About this exercise:
If a picture appears, leave it out, and reproduce exactly the lines from the start of the listing below through the one bearing "Einladung zur Flurreinigungsaktion 2026".

Supplied data:
----
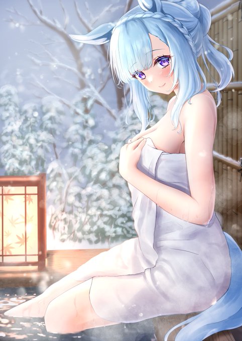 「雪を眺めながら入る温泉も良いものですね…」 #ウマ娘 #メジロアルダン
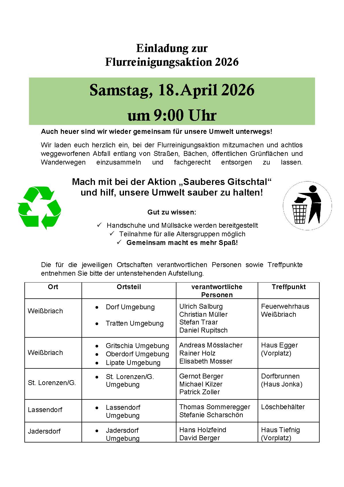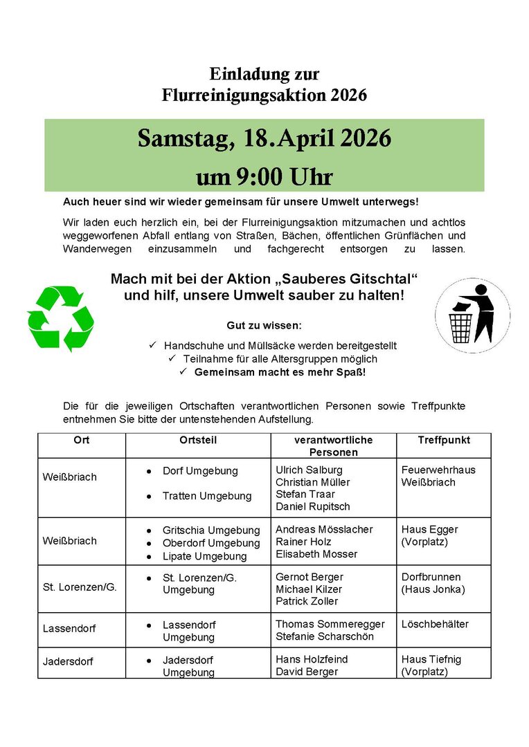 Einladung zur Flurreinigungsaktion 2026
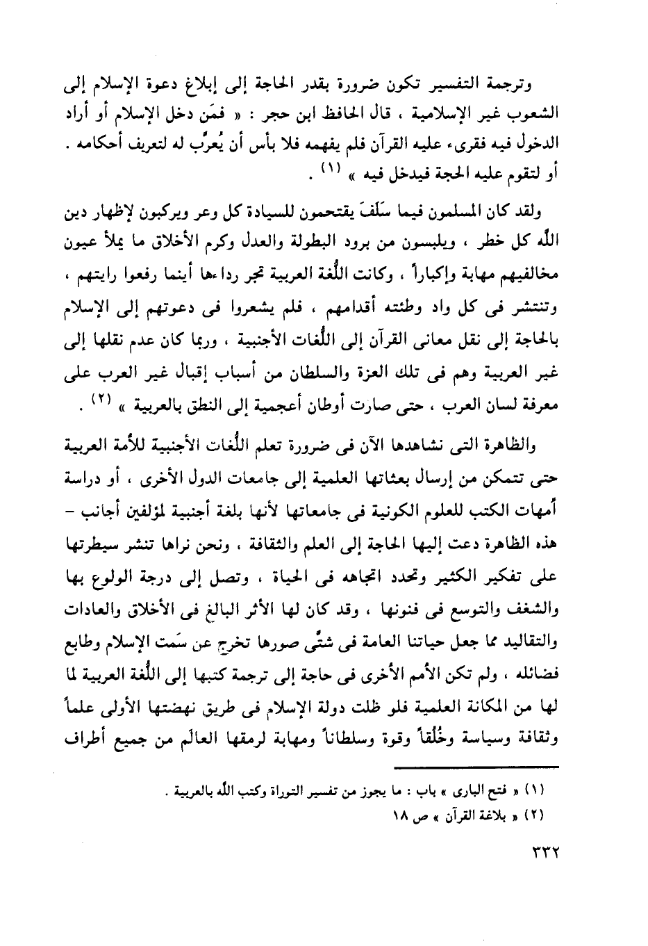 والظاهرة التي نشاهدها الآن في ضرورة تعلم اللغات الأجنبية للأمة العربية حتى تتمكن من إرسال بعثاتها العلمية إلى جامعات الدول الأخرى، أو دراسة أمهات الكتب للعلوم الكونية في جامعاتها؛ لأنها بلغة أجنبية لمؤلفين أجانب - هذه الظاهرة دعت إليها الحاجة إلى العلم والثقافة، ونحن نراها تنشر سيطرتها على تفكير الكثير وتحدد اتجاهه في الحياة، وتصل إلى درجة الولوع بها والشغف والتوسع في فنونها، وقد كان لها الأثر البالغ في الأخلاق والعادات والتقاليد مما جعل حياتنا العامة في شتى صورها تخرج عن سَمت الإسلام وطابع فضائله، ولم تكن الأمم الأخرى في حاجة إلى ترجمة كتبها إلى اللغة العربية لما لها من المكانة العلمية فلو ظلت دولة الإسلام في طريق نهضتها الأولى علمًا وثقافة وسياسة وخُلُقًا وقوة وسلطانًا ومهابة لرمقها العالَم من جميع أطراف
----
Response box:
 「雪を眺めながら入る温泉も良いものですね…」 #ウマ娘 #メジロアルダン
 Einladung zur Flurreinigungsaktion 2026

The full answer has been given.